An investigation of the effect of herpes simplex virus 1 infection on host cell metabolism

Abstract

Herpes simplex virus 1 (HSV-1) is a prevalent alphaherpesvirus capable of infecting a wide range of human cells. Although the HSV-1 genome encodes several proteins possessing metabolic activity, the virus relies primarily on the host cell for the production of energy and macromolecular precursors. This dissertation focuses on the interaction between HSV-1 and host cell metabolism, leading to a more complete view of the metabolic program induced by infection. First, we used stable isotope labeling and liquid chromatography-mass spectrometry (LC-MS) techniques to show that HSV-1 infection induces anapleurotic flux into the citric acid (TCA) cycle through the enzymatic activity of pyruvate carboxylase (PC). Infection also upregulated flux through aspartate to nucleotides, and this required the activity of the enzyme glutamic-oxaloacetic transaminase 2 (GOT2). When combined with steady state metabolite levels, these changes suggested that HSV-1 placed a high priority on nucleotide synthesis. We next completed an siRNA screen to determine if the virus depended on any additional metabolic enzymes for its replication. Multiple enzymes were identified, including the previously mentioned PC and GOT2. In addition, we found that knockdown of argininosuccinate synthetase 1 (AS1) increased virus yield.

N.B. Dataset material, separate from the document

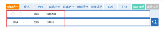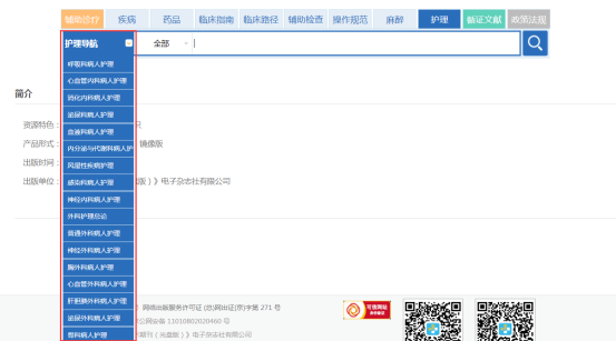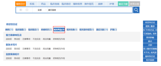 点击某一疾病下的病例、临床指南、临床路径、疾病知识、相关药品、相关检查、相关操作规范、循证文献和护理可直接在各库中查看此疾病的相关信息。(图2-8)

AS1 knockdown triggered a metabolic program reminiscent of the one induced by infection, including a significant increase in the levels of nucleotide synthesis metabolites. As wild-type infection resulted in the loss of AS1 mRNA and protein levels, we have concluded that decreased AS1 activity is responsible for at least part of the metabolic phenotype induced by HSV-1 infection.

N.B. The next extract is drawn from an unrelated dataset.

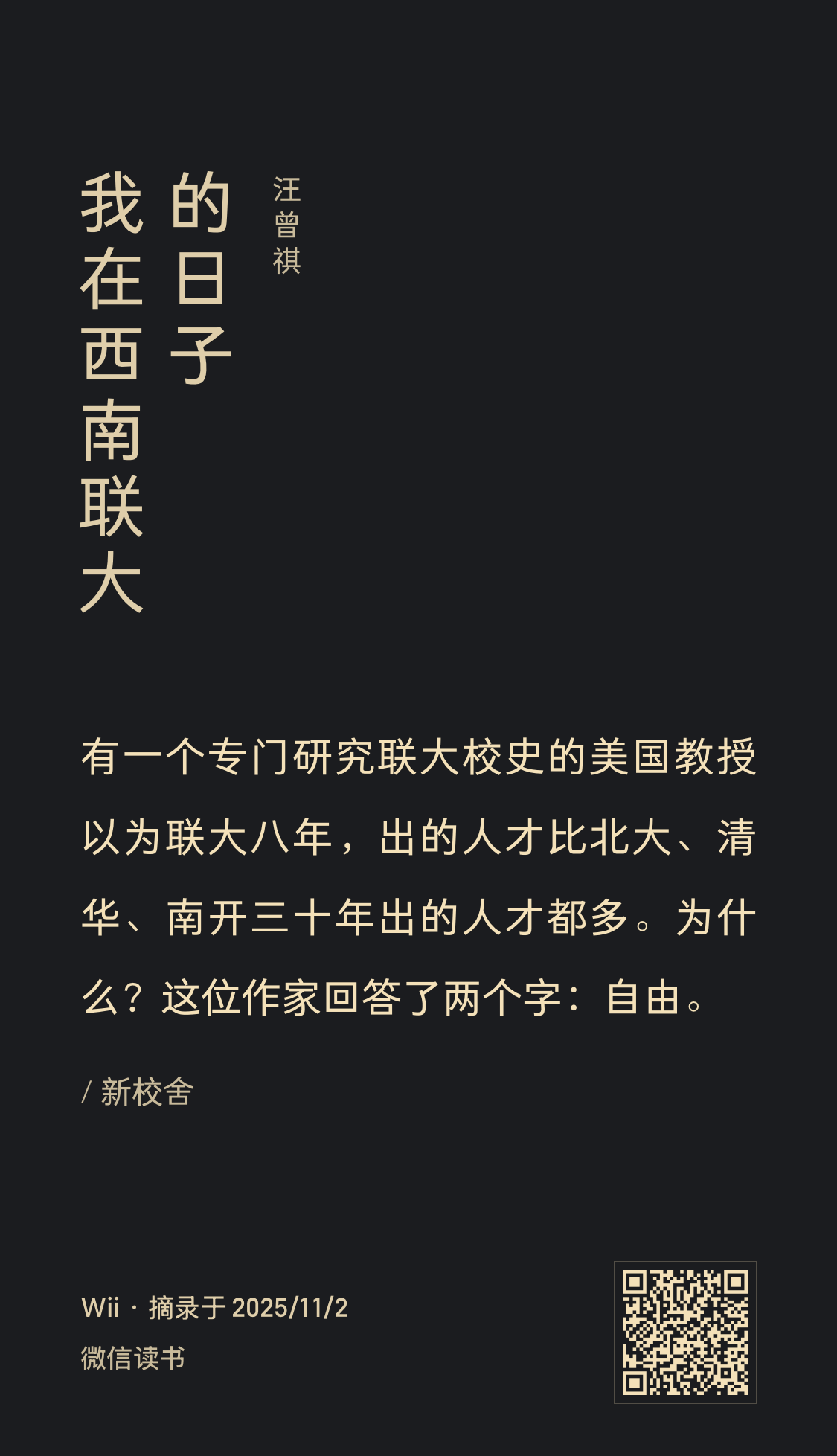 在《新校舍》一篇中,汪先生提了一个西南联大人才辈出的原因,自由。这不仅让人多想一下。

Analysis of steady state metabolite levels after the addition of HSV-1 also showed a significant drop in NAD+, an important co-factor in multiple metabolic reactions. This decrease was due to activation of the enzyme poly(ADP-ribose) polymerase (PARP) during infection. PARP activation required viral DNA synthesis, and was likely a response to DNA damage pathways activated by replication of the viral genome. PARP over-activity can trigger cell death, and the virus appears to have found a way around this problem by degrading an isoform of poly(ADP-ribose) glycohydrolase (PARG), which regulates PARP.

Together, this work clearly shows that HSV-1 infection robustly alters host cell central carbon metabolism, both directly and indirectly, and that interactions with host metabolic enzymes play an integral role in this process.